Bittet den HERRN um Regen zur Zeit des Spätregens; der HERR macht die Wetterwolken und ER gibt ihnen Regengüsse, jedem Kraut auf dem Feld. (Sach. 10:1)

Ich will sie pfeifen lassen und sie sammeln; denn ich habe sie erlöst, und sie werden sich mehren, wie sie sich gemehrt haben. (Sach. 10:8)

Die Bilder von Regen, Ruf und Stärkung in Sacharja 10 öffnen eine weite Perspektive für das gemeinsame Leben des Volkes Gottes. Sie laden ein, Gemeinschaft nicht zuerst an äußeren Erfolgsmaßen zu messen, sondern an der Frage, ob in ihrer Mitte der Klang des Hirten hörbar wird und ob über ihr der Regen seiner Gnade fällt. Wo Menschen ihr Miteinander so verstehen, wächst eine Atmosphäre, in der Schwache nicht beschämt, sondern mitgetragen werden, in der Zerstreute wieder Heimat finden und in der Freude nicht aufgesetzt, sondern von der Gegenwart Christi her genährt ist. Die Aussicht, in seinem Namen einherzugehen, wird dann zu einer leisen, aber tragfähigen Zuversicht: Weil der Herr selbst unsere Mitte sucht, dürfen wir erwarten, dass aus unserer oft so brüchigen Gemeinschaft etwas hervorgeht, das seinen Namen ehrt und andere ermutigt.

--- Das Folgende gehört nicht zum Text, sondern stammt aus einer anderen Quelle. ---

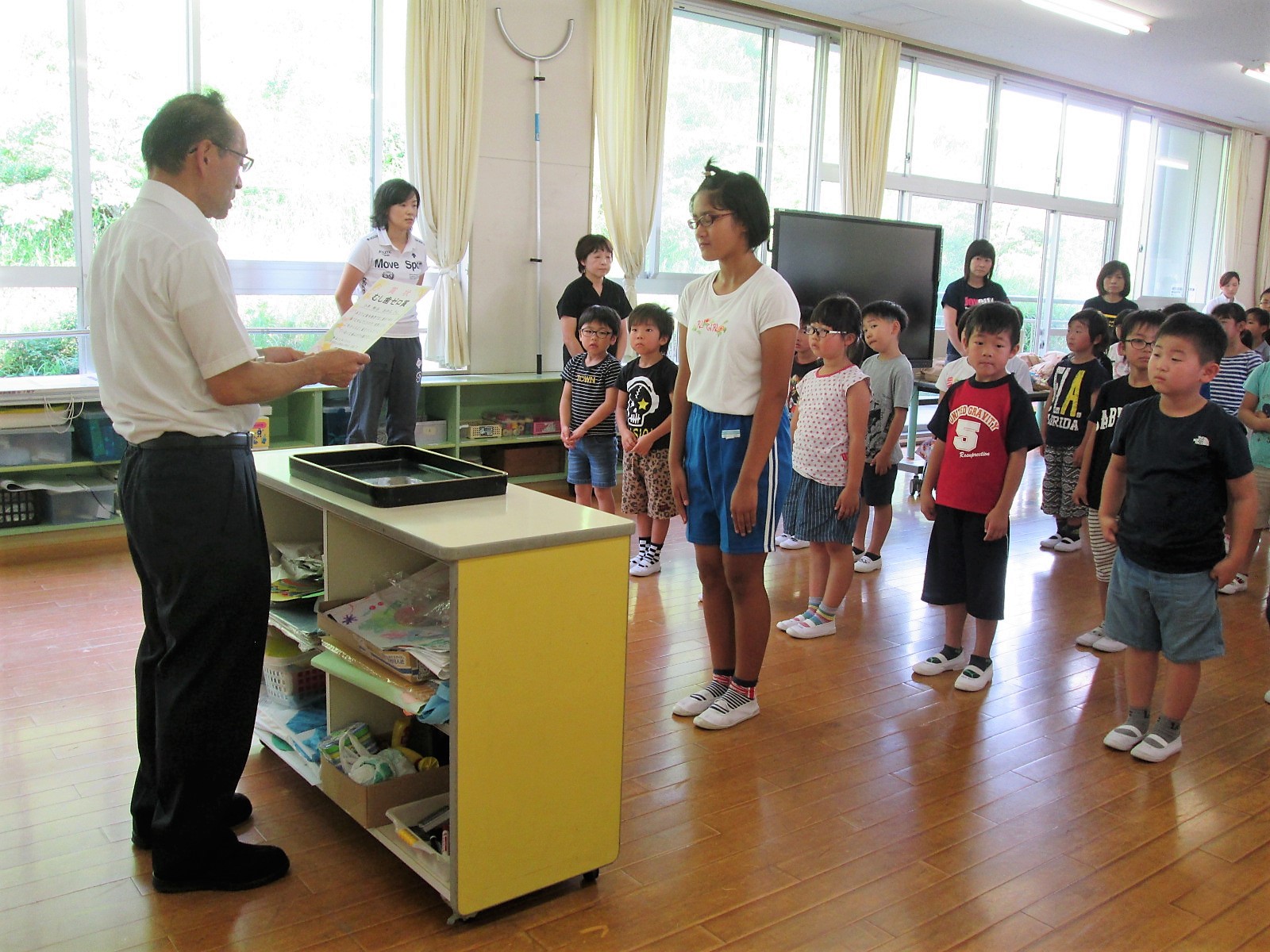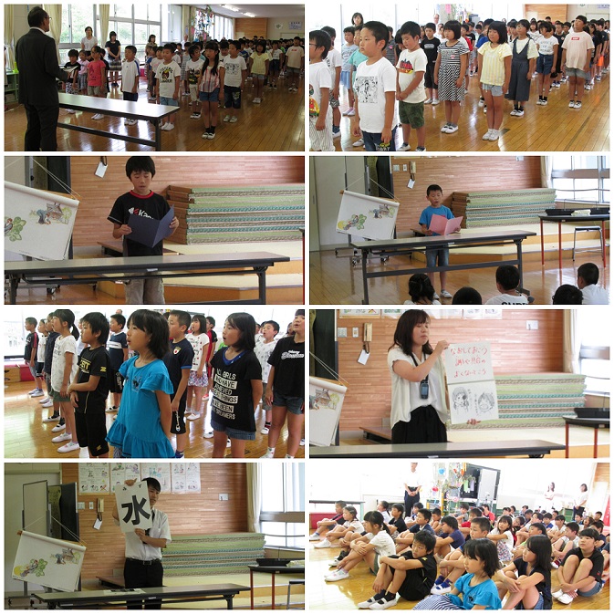 終業式では、校長先生の話や代表児童による1学期の反省の発表がありました。

Herr Jesus Christus, danke für deine liebevolle Heimsuchung, mit der du dein zerstreutes und müdes Volk sammelst, heilst und stärkst. Du bist der gute Hirte, der uns aus falschen Stimmen herausruft, unsere Schwachheit kennt und uns dennoch in deiner Gnade zu „Pferden der Majestät“ im geistlichen Kampf machst. Stärke uns in dir selbst, damit wir nicht aus eigener Kraft, sondern in deinem Namen leben, denken und handeln und in jeder Bedrängnis erfahren, dass du durch das Meer der Not hindurchgehst. Lass deine sanfte Stimme unser Herz immer wieder neu erreichen, unsere Freude in dir entzünden und uns gewiss machen, dass keine Macht dieser Welt deinen Plan mit uns aufhalten kann. Fülle unsere Gemeinschaft mit deinem Segen wie mit frischem Regen, damit dein Leben in uns aufblüht und dein Name geehrt wird. Amen.